▶ [Task details]: Repeat the entries below word for word, though any picture in them should be dropped.

▶ [Supplied material]:
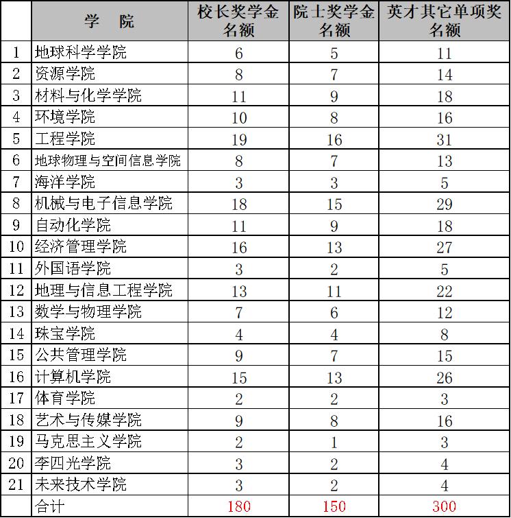 1.“地大英才奖学金”项目(“李四光英才奖”、“少数民族学生奖”、“创业之星奖”除外)采取等额评选办法,学院具体名额见下表:
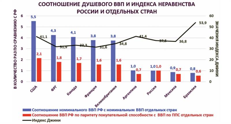 Если отставание от США, Канады, Франции, Великобритании и ФРГ ещё можно объяснить различием в уровне ВВП и ВВП на душу населения, то более чем десятикратное отставание от Мексики, Бразилии и Аргентины невозможно объяснить никакими объективными причинами450. Так, по уровню душевого ВВП и уровню душевого ВВП по паритету покупательной способности Россия превосходит Мексику, Бразилию и Аргентину, а по индексу неравенства имеет аналогичные или лучшие показатели451 (рисунок 5.8).
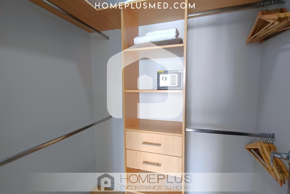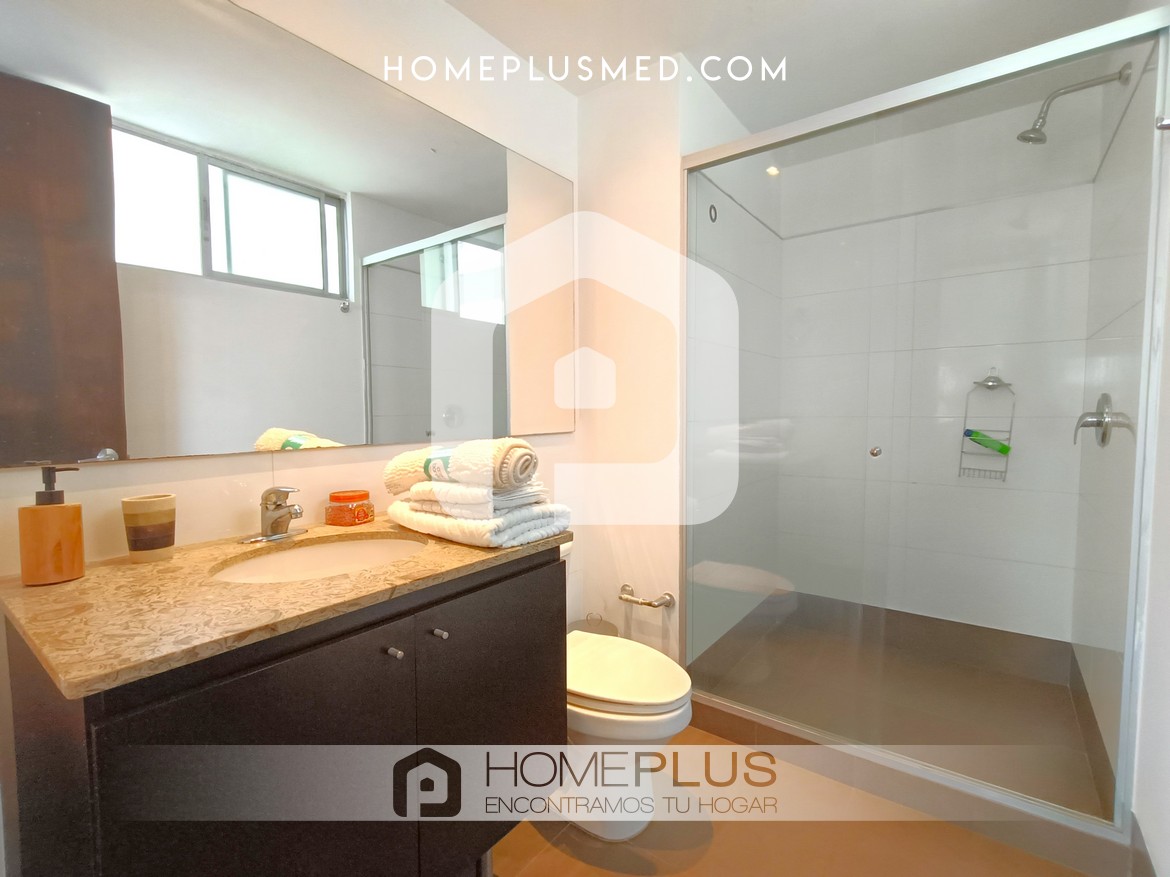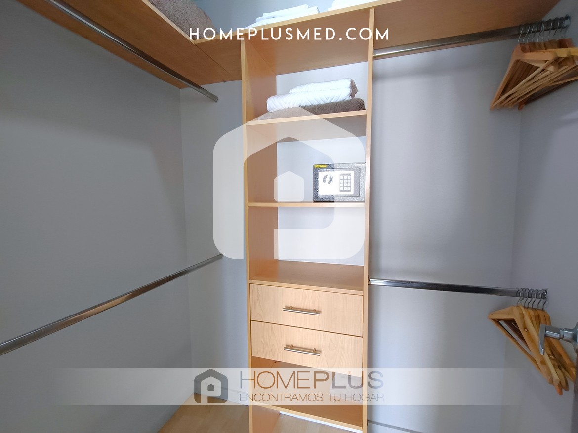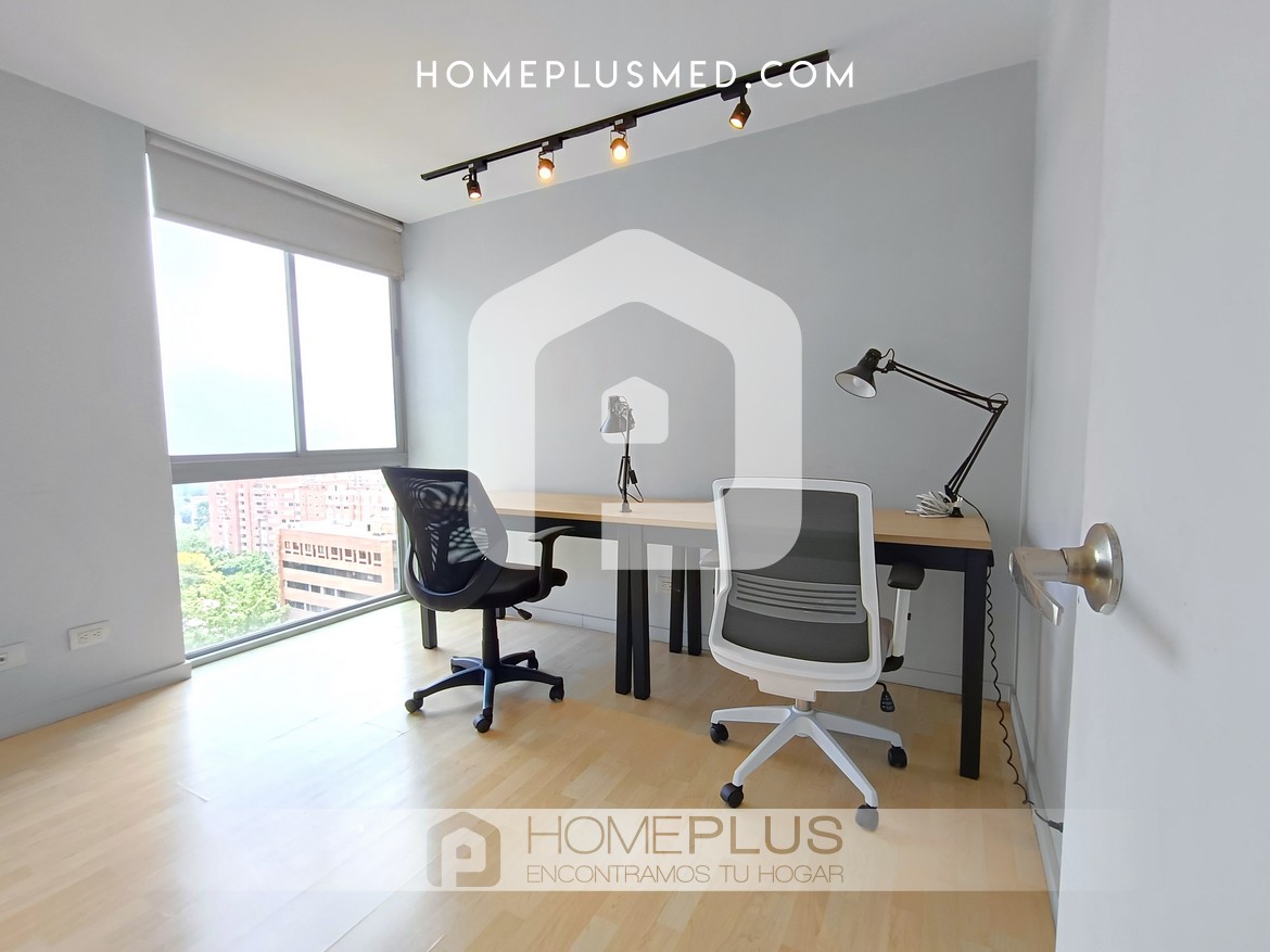 El apartamento tiene dos habitaciones principales, cada una con Smart TV, baño privado y walking closet, además de aire acondicionado portátil. Una de las habitaciones tiene acceso directo al balcón, lo que aporta aún más comodidad y lujo. Además, dispone de un estudio independiente o zona de trabajo, lo que facilita la productividad desde casa. También incluye un baño social para mayor comodidad y un parqueadero privado. La excelente ventilación e iluminación natural en todo el apartamento crean un ambiente agradable y cálido.
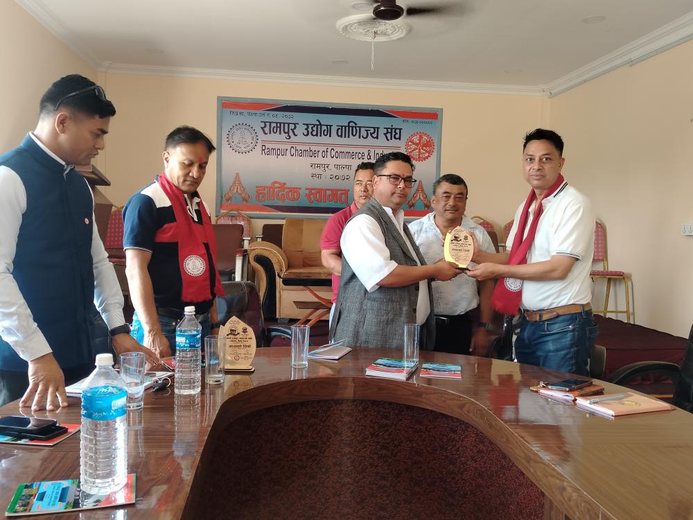 आज मिति २०८२ वैशाख महिनाको २८ गते मकवानपुर उद्योग वाणिज्य संघबाट अध्ययन अवलोकन भ्रमणको शिलशिलामा आउनुभएका संघका अध्यक्ष, केन्द्रीय सदस्य, जिल्ला समन्वय प्रमुख लगाएका आदरणीय व्यक्तित्व ज्युहरुलाई रामपुर उद्योग वाणिज्य संघमा स्वागत गरियो ।
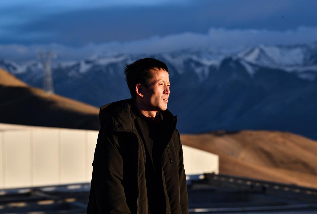 在阿里地區(qū)獅泉河鎮(zhèn)南部甲馬兒燈山海拔5100米的山頂上,我們看見了十年如一日守望璀璨星空的人——尤顯龍。他十七年前開始就為阿里天文臺的選址而工作,如今負(fù)責(zé)天文臺數(shù)據(jù)觀測和運(yùn)維設(shè)備。尤顯龍也是為阿里天文臺工作時間最長的一位工程師。
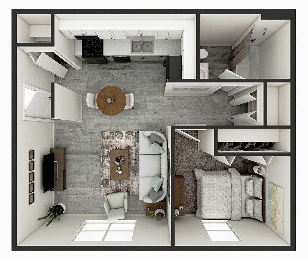 Apartment Model: 1 bd 1 ba Classic Flat$7991 Bedroom, 1 Bath, 576 sq ftAvailable May 22, 2026FloorplansPhotos![]()

▶ [Answer section]:
 1.“地大英才奖学金”项目(“李四光英才奖”、“少数民族学生奖”、“创业之星奖”除外)采取等额评选办法,学院具体名额见下表:
 Если отставание от США, Канады, Франции, Великобритании и ФРГ ещё можно объяснить различием в уровне ВВП и ВВП на душу населения, то более чем десятикратное отставание от Мексики, Бразилии и Аргентины невозможно объяснить никакими объективными причинами450. Так, по уровню душевого ВВП и уровню душевого ВВП по паритету покупательной способности Россия превосходит Мексику, Бразилию и Аргентину, а по индексу неравенства имеет аналогичные или лучшие показатели451 (рисунок 5.8).
 El apartamento tiene dos habitaciones principales, cada una con Smart TV, baño privado y walking closet, además de aire acondicionado portátil. Una de las habitaciones tiene acceso directo al balcón, lo que aporta aún más comodidad y lujo. Además, dispone de un estudio independiente o zona de trabajo, lo que facilita la productividad desde casa. También incluye un baño social para mayor comodidad y un parqueadero privado. La excelente ventilación e iluminación natural en todo el apartamento crean un ambiente agradable y cálido.
 आज मिति २०८२ वैशाख महिनाको २८ गते मकवानपुर उद्योग वाणिज्य संघबाट अध्ययन अवलोकन भ्रमणको शिलशिलामा आउनुभएका संघका अध्यक्ष, केन्द्रीय सदस्य, जिल्ला समन्वय प्रमुख लगाएका आदरणीय व्यक्तित्व ज्युहरुलाई रामपुर उद्योग वाणिज्य संघमा स्वागत गरियो ।
 在阿里地區(qū)獅泉河鎮(zhèn)南部甲馬兒燈山海拔5100米的山頂上,我們看見了十年如一日守望璀璨星空的人——尤顯龍。他十七年前開始就為阿里天文臺的選址而工作,如今負(fù)責(zé)天文臺數(shù)據(jù)觀測和運(yùn)維設(shè)備。尤顯龍也是為阿里天文臺工作時間最長的一位工程師。
 Apartment Model: 1 bd 1 ba Classic Flat$7991 Bedroom, 1 Bath, 576 sq ftAvailable May 22, 2026FloorplansPhotos![]()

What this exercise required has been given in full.